## DATA BLOCK
# # # #

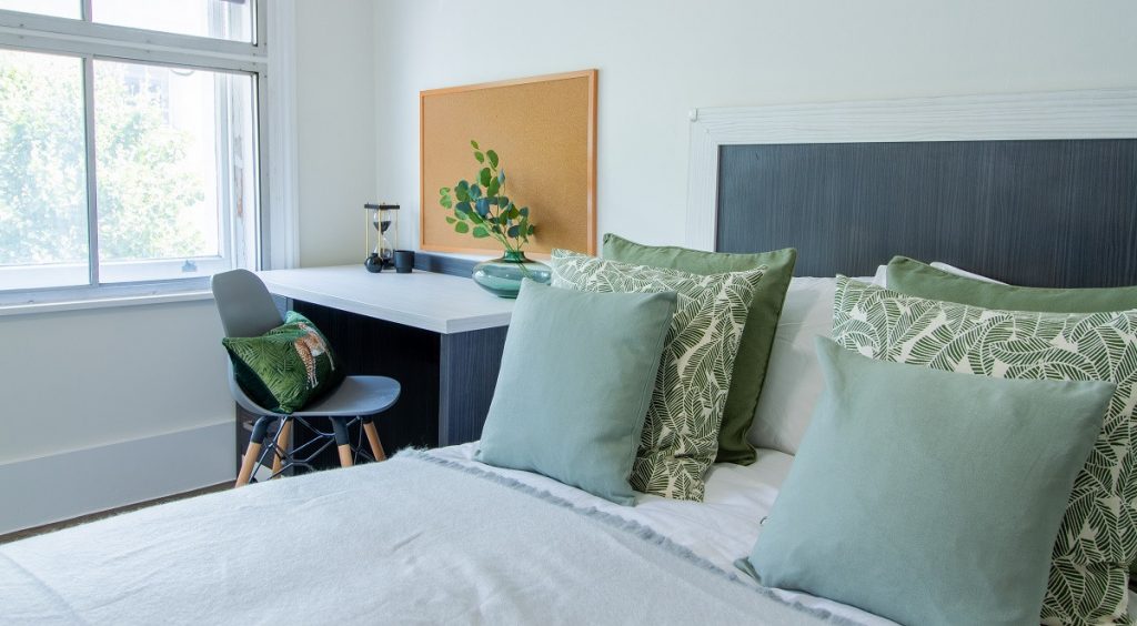 Your Premium Twin Studio is a shared studio with two 3/4 sized beds or two double beds in a large, comfortable bedroom. The studio has an ensuite bathroom and kitchenette within the room with study desks and plenty of storage.
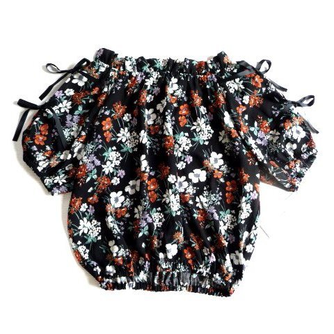 > 新品 レトロ 花柄 オフショルダー ブラウス 黒 M ボタニカル リボン クロップド丈 ショート丈 総柄 LUNACION ルナシオン
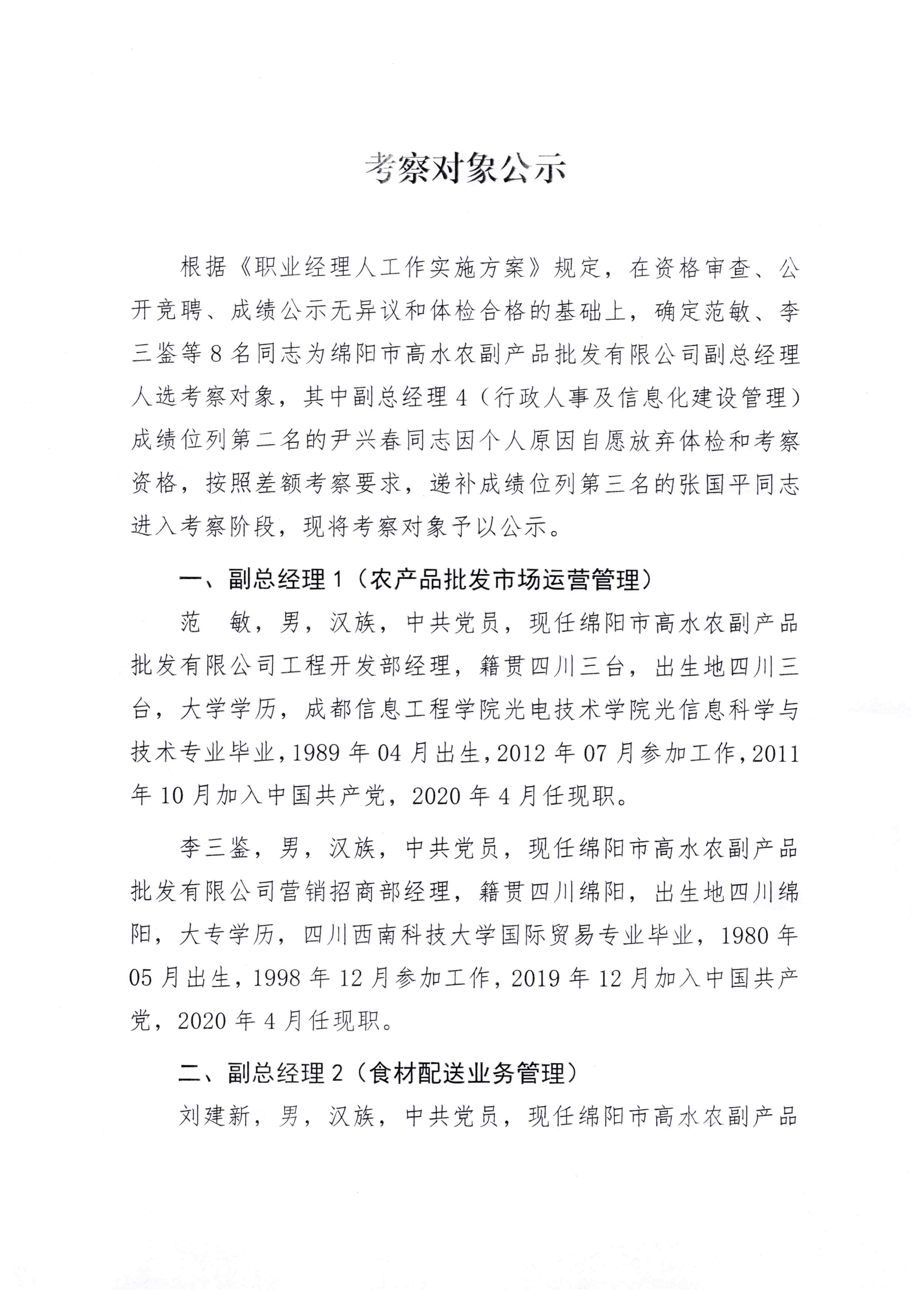 下一篇:绵阳市高水农副产品批发有限公司 关于2022年职业经理人(副总经理) 现场选聘成绩的公示
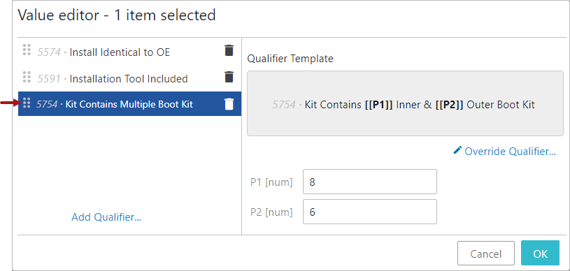 In the example screenshot below, the qualifier template 'Kit Contains [[P1]] Inner & [[P2]] Outer Boot Kit' has two parameters P1 and P2. Adding the values of numeric '8' and '6' in parameters P1 and P2, respectively, has lead to the display of qualifier text 'Kit Contains 8 Inner & 6 Outer Boot Kit' in the left column.

# # # #

## YOUR OBJECTIVE
With the pictures left out, return all the material above exactly.

## EXPECTED ANSWER
 Your Premium Twin Studio is a shared studio with two 3/4 sized beds or two double beds in a large, comfortable bedroom. The studio has an ensuite bathroom and kitchenette within the room with study desks and plenty of storage.
 > 新品 レトロ 花柄 オフショルダー ブラウス 黒 M ボタニカル リボン クロップド丈 ショート丈 総柄 LUNACION ルナシオン
 下一篇:绵阳市高水农副产品批发有限公司 关于2022年职业经理人(副总经理) 现场选聘成绩的公示
 In the example screenshot below, the qualifier template 'Kit Contains [[P1]] Inner & [[P2]] Outer Boot Kit' has two parameters P1 and P2. Adding the values of numeric '8' and '6' in parameters P1 and P2, respectively, has lead to the display of qualifier text 'Kit Contains 8 Inner & 6 Outer Boot Kit' in the left column.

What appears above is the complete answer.